# Interval International Request First



## islander222 (May 15, 2006)

I exchanged a week online that was eligible for an A/C.  I did a request first.  Within a couple of days I received notice that I received the requested week.  My account never showed that I received the A/C.  I called Interval today.  The rep checked and said yes, I was supposed to receive an A/C for the week I exchanged.  She asked someone in the office why I did not receive my A/C.  When she came back to the phone, she said since I requested first instead of depositing first, I am not eligible for an A/C.  I told her I had never heard that or I would not have done the exchange.  She said she had never known that until today either.

Just wanted to let everyone know about this II policy in case you didn't know either.


----------



## Dave M (May 15, 2006)

Yes, that's II policy and has been discussed numerous times here. 

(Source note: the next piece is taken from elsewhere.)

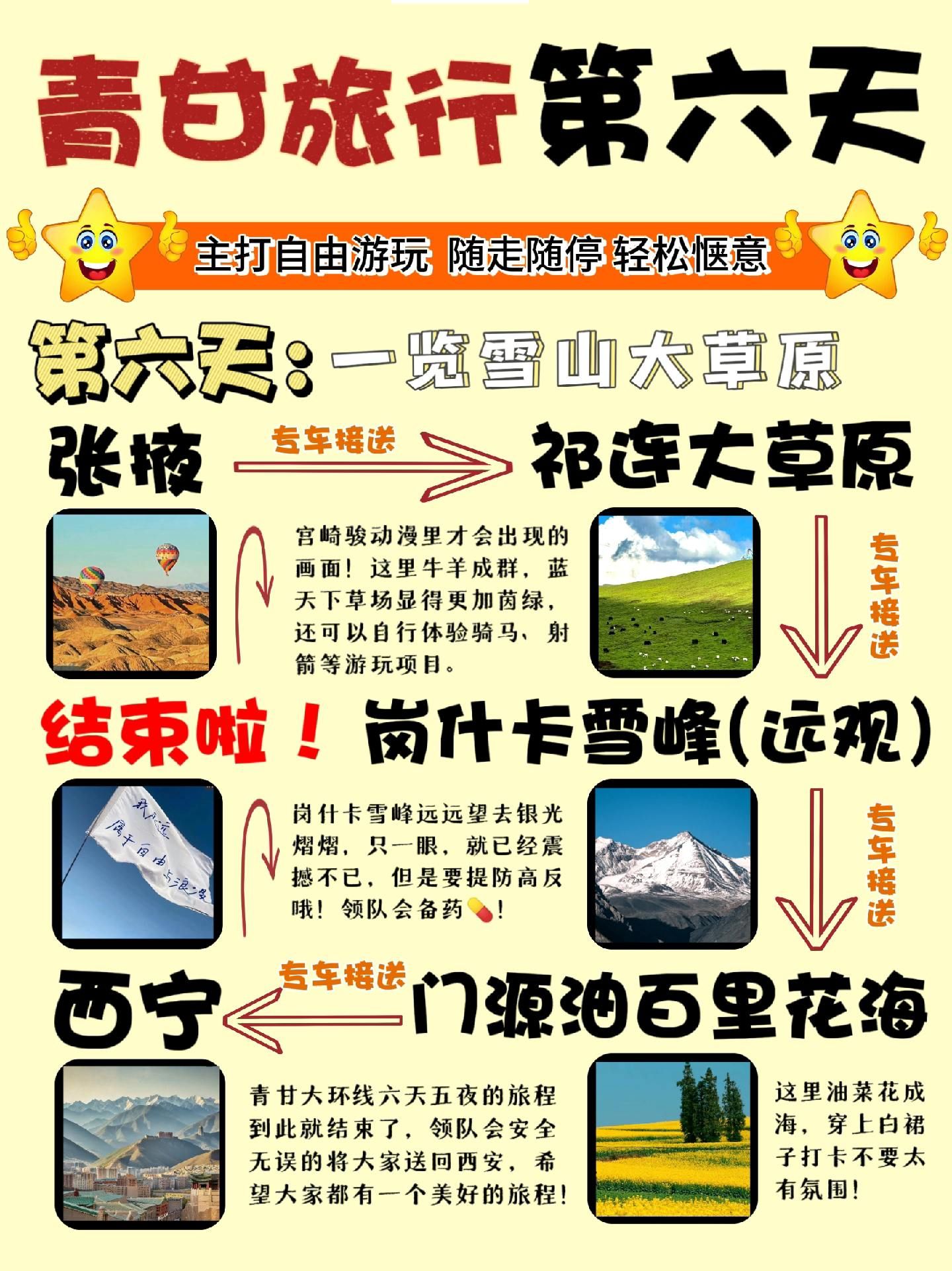 D6.张掖—祁连大草原—岗什卡雪峰(远观)—门源油菜花(花季)—西宁

Accommodation Certificates are offered as an incentive to *deposit* high demand weeks so that II has those weeks available immediately to fulfill requests for them. With a request-first exchange, II doesn't get your week until much later, if at all, thus lessening its value to II. Although using request-first doesn't affect your trading power, it does disqualify you from geting an AC.


----------



## Bill4728 (May 15, 2006)

Yes, It is a fairly well known policy.

To get an AC you must deposit your unit with II. A request first exchange doesn't qualify because you only gave II your unit after II had already found you an exchange.

On the other hand. When you search online for what is available, find a good match and do an exchange, you'll qualify for an AC. Because you deposited the unit before you requested an II search.


----------



## BeckyG (May 15, 2006)

If you find a unit online and want to exchange using an undeposited week, make sure you deposit, then exchange.  They will give you the A/C if you do it in that order (I found this out the hard way)!


----------



## jorhett (May 18, 2006)

Sorry, can someone clue me in?  What's is an A/C (Accomodation Certificate?)

Why would I want one?


----------



## Dave M (May 18, 2006)

II offers an incentive to owners of high-demand weeks to deposit them with II. That bonus is an accommodation certificate ("AC"), which can be exchanged for a week through II. Your exchange choices will be limited and generally won’t be prime season weeks. 

In addition, you can use your deposited week to exchange for another week. Thus, you get two vacation weeks by depositing the high-demand week that you own.

There is no guarantee that you'll receive an AC every year you deposit your week. That demand for your week could change. Also, you won't get an AC if you use the request-first method for requesting an exchange, under which you hold onto your week until you get an exchange that's acceptable to you.


----------



## jorhett (May 18, 2006)

Ah, got it.  Thank you.


----------



## CMF (May 19, 2006)

Huh? I was not aware of the oft dicussed policy.  

Charles


----------